What you are asked to do: Under this line sits a listing. Repeat exactly and only its lines from the one holding "Chic wrap skirt-pants" through the one holding "(서울=연합뉴스) 문화체육관광부 문화통상협력과"; skip pictures.

Exercise material:
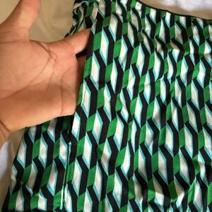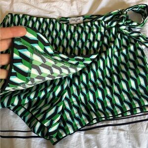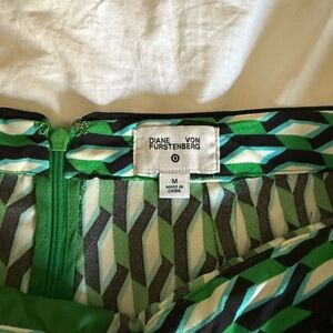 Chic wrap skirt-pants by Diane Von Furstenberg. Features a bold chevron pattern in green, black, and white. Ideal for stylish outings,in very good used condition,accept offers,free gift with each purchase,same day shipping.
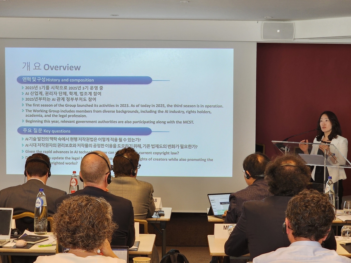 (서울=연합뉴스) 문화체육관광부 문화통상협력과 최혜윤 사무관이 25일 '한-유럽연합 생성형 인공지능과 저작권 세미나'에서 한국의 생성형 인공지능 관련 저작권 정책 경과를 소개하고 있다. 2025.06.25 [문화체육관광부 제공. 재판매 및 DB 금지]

* * *

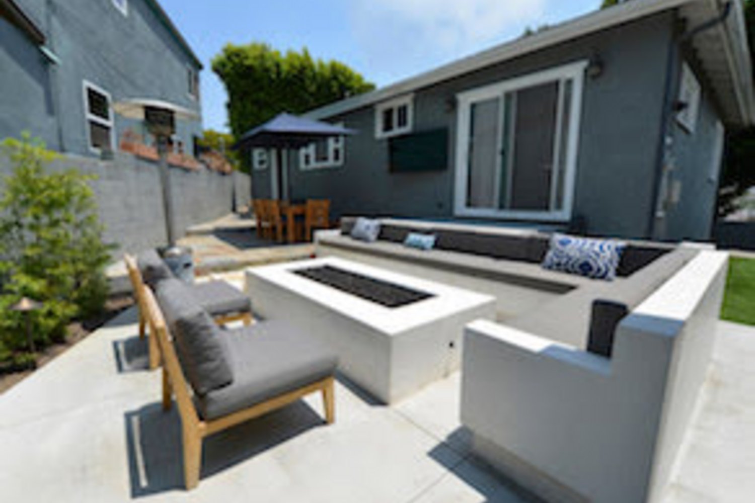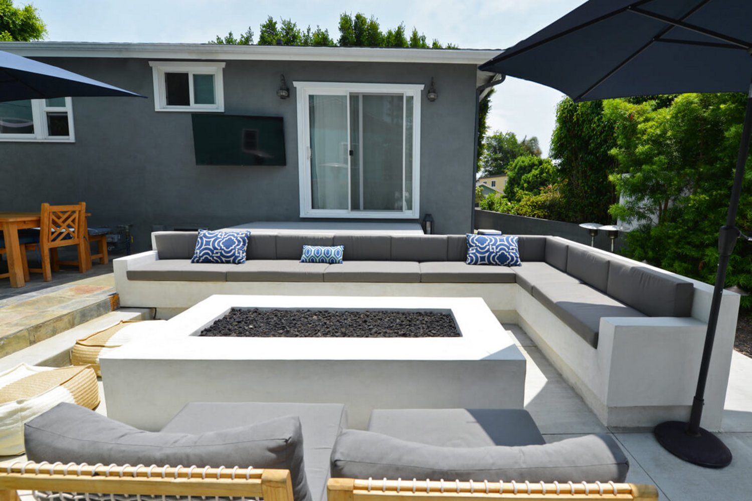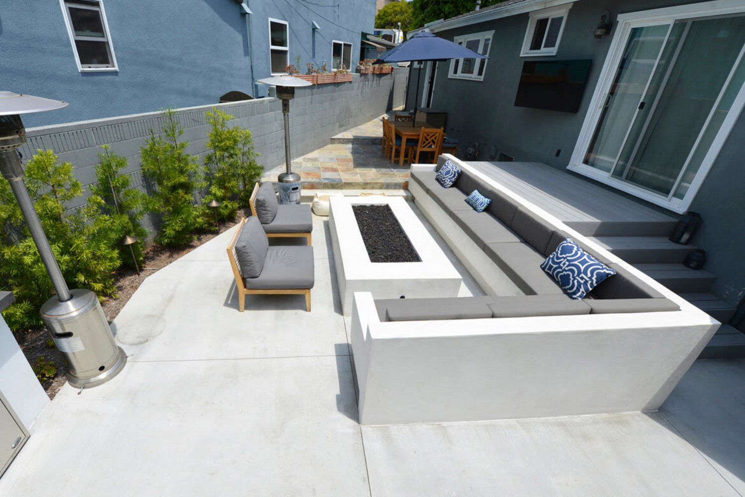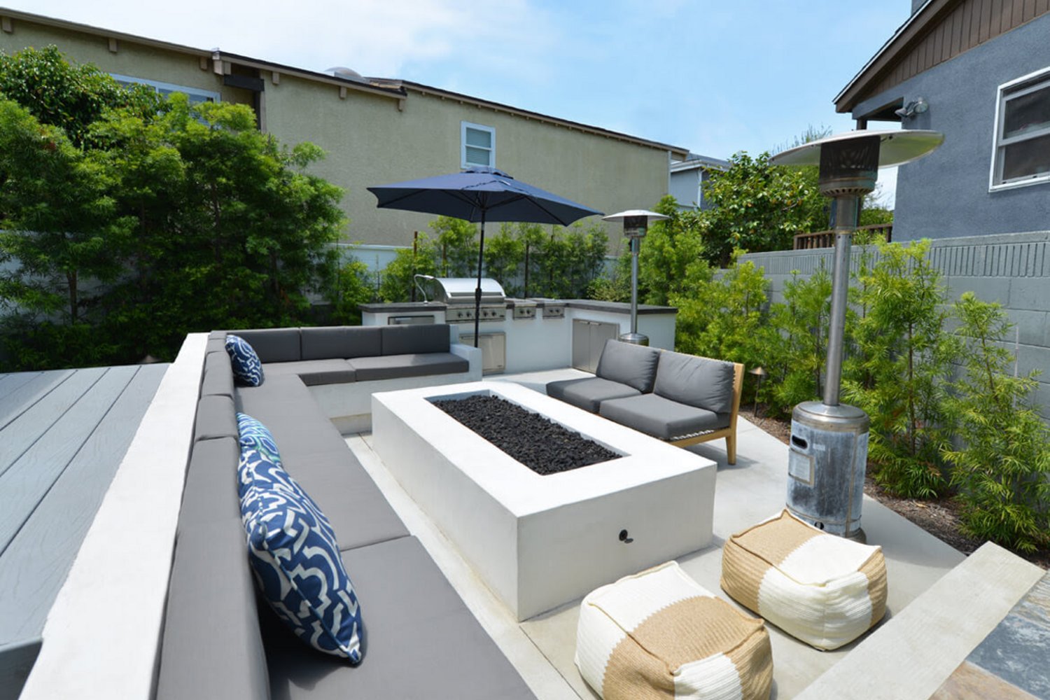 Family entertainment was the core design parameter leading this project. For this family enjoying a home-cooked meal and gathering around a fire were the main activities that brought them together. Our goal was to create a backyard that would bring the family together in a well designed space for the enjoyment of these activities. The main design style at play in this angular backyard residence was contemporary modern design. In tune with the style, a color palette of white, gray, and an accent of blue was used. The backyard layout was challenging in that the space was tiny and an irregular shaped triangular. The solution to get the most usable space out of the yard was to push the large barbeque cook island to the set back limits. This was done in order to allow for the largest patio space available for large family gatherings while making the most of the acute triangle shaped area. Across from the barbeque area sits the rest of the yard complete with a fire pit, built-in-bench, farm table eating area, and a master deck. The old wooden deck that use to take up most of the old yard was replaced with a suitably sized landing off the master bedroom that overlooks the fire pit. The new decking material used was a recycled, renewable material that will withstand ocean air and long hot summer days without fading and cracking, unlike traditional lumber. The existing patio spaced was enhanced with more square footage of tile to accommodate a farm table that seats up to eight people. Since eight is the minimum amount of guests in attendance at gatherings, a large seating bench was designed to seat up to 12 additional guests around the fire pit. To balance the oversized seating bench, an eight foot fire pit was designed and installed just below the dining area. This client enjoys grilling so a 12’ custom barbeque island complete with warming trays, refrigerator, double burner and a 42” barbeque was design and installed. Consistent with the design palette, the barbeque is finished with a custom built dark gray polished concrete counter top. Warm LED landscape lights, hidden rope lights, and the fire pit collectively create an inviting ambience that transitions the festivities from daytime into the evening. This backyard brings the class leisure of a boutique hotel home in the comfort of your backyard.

==

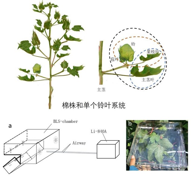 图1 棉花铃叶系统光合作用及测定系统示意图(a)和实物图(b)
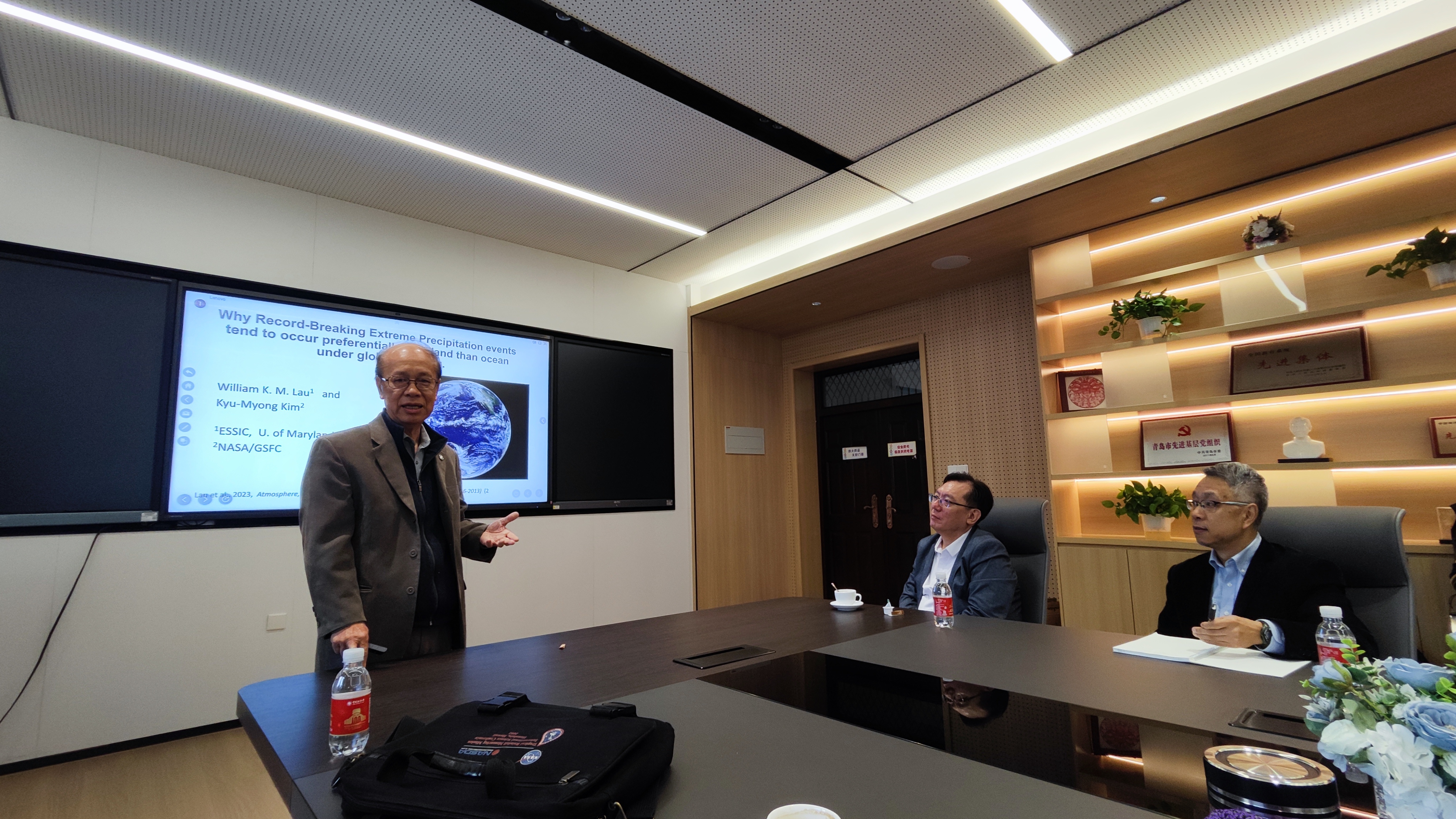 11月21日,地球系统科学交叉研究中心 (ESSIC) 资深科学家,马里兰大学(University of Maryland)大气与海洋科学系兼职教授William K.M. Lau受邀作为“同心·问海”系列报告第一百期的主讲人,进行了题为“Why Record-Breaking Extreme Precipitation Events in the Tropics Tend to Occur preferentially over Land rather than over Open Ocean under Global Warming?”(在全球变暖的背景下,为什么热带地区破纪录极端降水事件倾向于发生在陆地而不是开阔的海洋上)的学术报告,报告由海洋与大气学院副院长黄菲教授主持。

Reply to the exercise:
 Chic wrap skirt-pants by Diane Von Furstenberg. Features a bold chevron pattern in green, black, and white. Ideal for stylish outings,in very good used condition,accept offers,free gift with each purchase,same day shipping.
 (서울=연합뉴스) 문화체육관광부 문화통상협력과 최혜윤 사무관이 25일 '한-유럽연합 생성형 인공지능과 저작권 세미나'에서 한국의 생성형 인공지능 관련 저작권 정책 경과를 소개하고 있다. 2025.06.25 [문화체육관광부 제공. 재판매 및 DB 금지]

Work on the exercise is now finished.